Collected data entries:
________

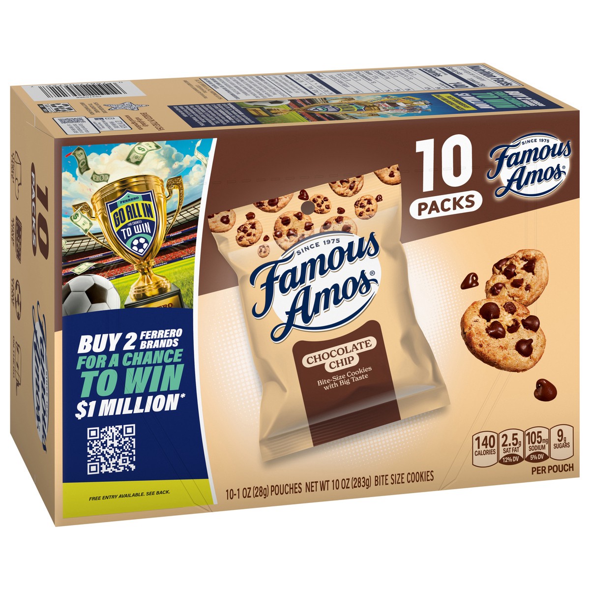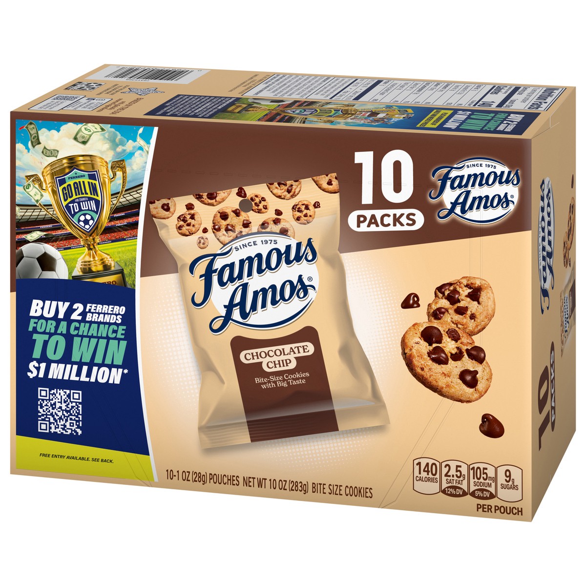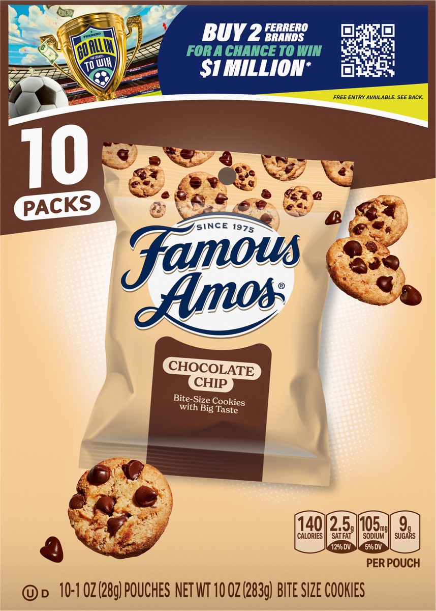 Indulge in the classic taste of Famous Amos Bite-Size Chocolate Chip Cookies, now in a convenient 12-count snack pack box that's perfect for everyday snacking. Each delicious chocolate chip cookie is …
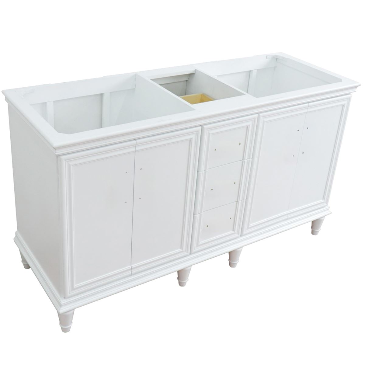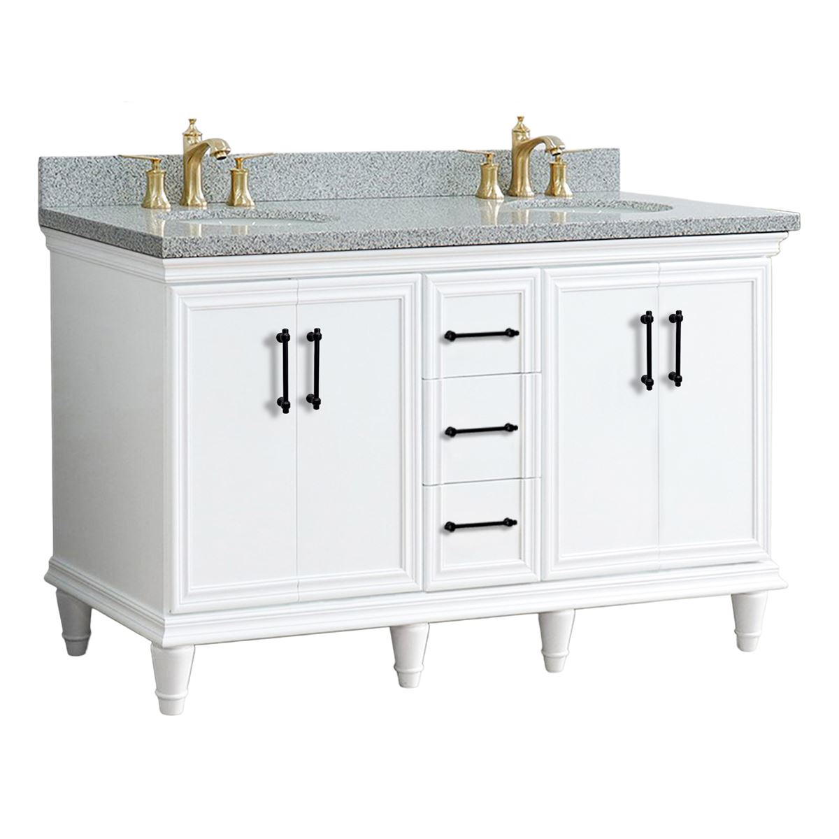 61" Double Sink Vanity in White Finish and Gray Granite and Oval Sinks
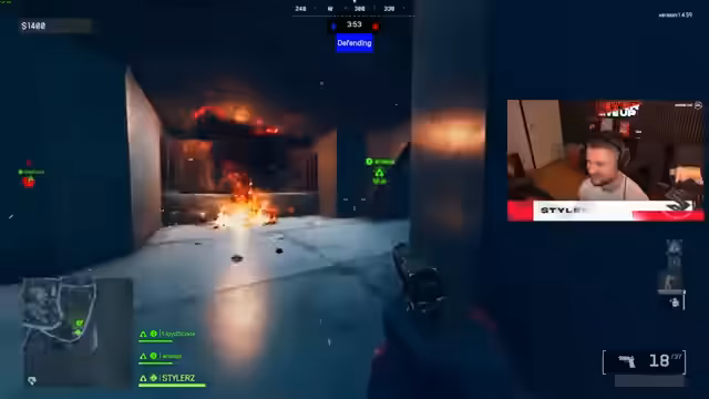 02:57:17Das Gameplay ist sehr intensiv und der Streamer wird oft überraschend von Gegnern getötet, obwohl er geschalldämpfende Waffen benutzt. Er kommuniziert mit seinem Team Annika und Chris, fühlt sich aber manchmal von ihnen im Stich gelassen, wenn sie seine Rettungsversuche ignorieren. Er beschreibt eine besonders chaotische Situation auf der Map, in der er versucht, mit seiner MP5 Gegner zu eliminieren, aber ständig von mehreren Seiten angegriffen wird.
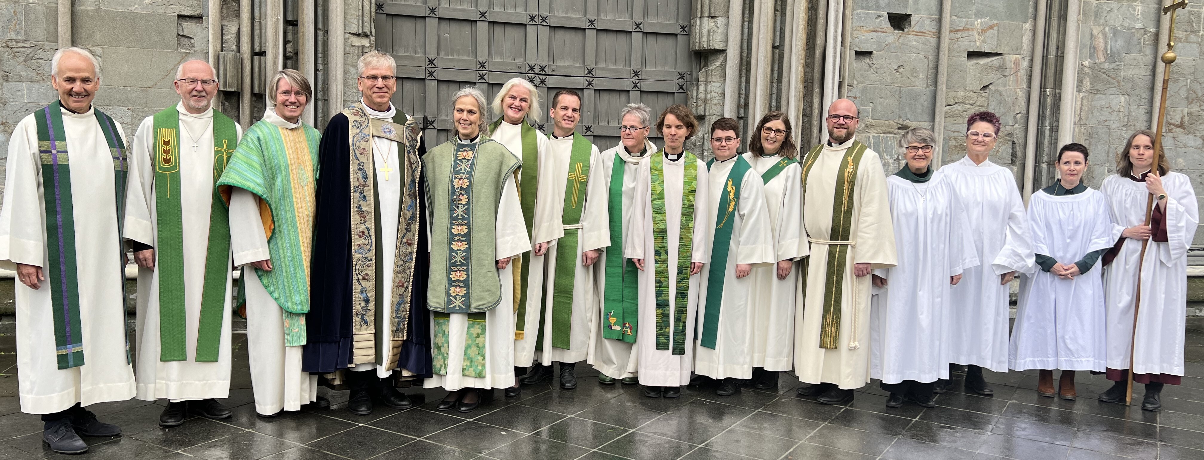 Deltok i høymessen. Fra venstre Øyvind Heggland (vikarprest i Nidarosdomen ), Stein Ellinggard (sokneprest Bakklandet, Lademoen), Andreas Grandy-Teig (sokneprest Nidarosdomen), preses Olav Fykse Tveit, domprost Kristin Moen Saxegaard, Marie Farstad ( kapellan Nidarosdomen), Ludvig Aasen (studentprest), Sheila Rosenthal (anglikansk prest) , Angelika Grandy-Teig sokneprest Lade, Kristina Bjårstad (kapellan Bakklandet, Lademoen, Lade), Sissel Smørvik (diakon Bakklandet, Lademoen), Steffen Torsteinsen Aune ( prest Bakklandet, Lademoen, Aase Laila (medliturg), Grethe Hagen (medliturg), Tone Gjævran (medliturg) og Ina Myrvang (klokker). (Foto: Tone Gullaksen/Den norske kirke Nidaros)
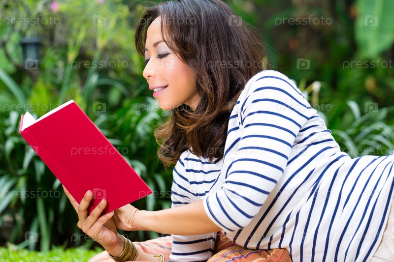Молодая азиатская женщина читает у себя дома в саду
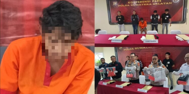 Gambar: Pelaku pembunuhan Febrianto alias Febri (22) saat berada di Polda Sumatera Selatan dalam konferensi pers pengungkapan kasus, Kamis (16/10/2025). Pelaku tampak mengenakan rompi tahanan berwarna oranye dengan wajah tertunduk. Di meja konferensi pers terlihat barang bukti berupa handphone dan berbagai item lainnya yang disita petugas dari tersangka. Tim penyidik dari Jatanras Polda Sumsel dan Satreskrim Polresta Palembang berhasil mengungkap kasus pembunuhan yang sempat menggegerkan masyarakat Palembang ini setelah melakukan pengejaran selama lima hari.

________

What to do:
Write the entries above out again exactly, but not the pictures.

Answer box:
 Indulge in the classic taste of Famous Amos Bite-Size Chocolate Chip Cookies, now in a convenient 12-count snack pack box that's perfect for everyday snacking. Each delicious chocolate chip cookie is …
 61" Double Sink Vanity in White Finish and Gray Granite and Oval Sinks
 02:57:17Das Gameplay ist sehr intensiv und der Streamer wird oft überraschend von Gegnern getötet, obwohl er geschalldämpfende Waffen benutzt. Er kommuniziert mit seinem Team Annika und Chris, fühlt sich aber manchmal von ihnen im Stich gelassen, wenn sie seine Rettungsversuche ignorieren. Er beschreibt eine besonders chaotische Situation auf der Map, in der er versucht, mit seiner MP5 Gegner zu eliminieren, aber ständig von mehreren Seiten angegriffen wird.
 Deltok i høymessen. Fra venstre Øyvind Heggland (vikarprest i Nidarosdomen ), Stein Ellinggard (sokneprest Bakklandet, Lademoen), Andreas Grandy-Teig (sokneprest Nidarosdomen), preses Olav Fykse Tveit, domprost Kristin Moen Saxegaard, Marie Farstad ( kapellan Nidarosdomen), Ludvig Aasen (studentprest), Sheila Rosenthal (anglikansk prest) , Angelika Grandy-Teig sokneprest Lade, Kristina Bjårstad (kapellan Bakklandet, Lademoen, Lade), Sissel Smørvik (diakon Bakklandet, Lademoen), Steffen Torsteinsen Aune ( prest Bakklandet, Lademoen, Aase Laila (medliturg), Grethe Hagen (medliturg), Tone Gjævran (medliturg) og Ina Myrvang (klokker). (Foto: Tone Gullaksen/Den norske kirke Nidaros)
Молодая азиатская женщина читает у себя дома в саду
 Gambar: Pelaku pembunuhan Febrianto alias Febri (22) saat berada di Polda Sumatera Selatan dalam konferensi pers pengungkapan kasus, Kamis (16/10/2025). Pelaku tampak mengenakan rompi tahanan berwarna oranye dengan wajah tertunduk. Di meja konferensi pers terlihat barang bukti berupa handphone dan berbagai item lainnya yang disita petugas dari tersangka. Tim penyidik dari Jatanras Polda Sumsel dan Satreskrim Polresta Palembang berhasil mengungkap kasus pembunuhan yang sempat menggegerkan masyarakat Palembang ini setelah melakukan pengejaran selama lima hari.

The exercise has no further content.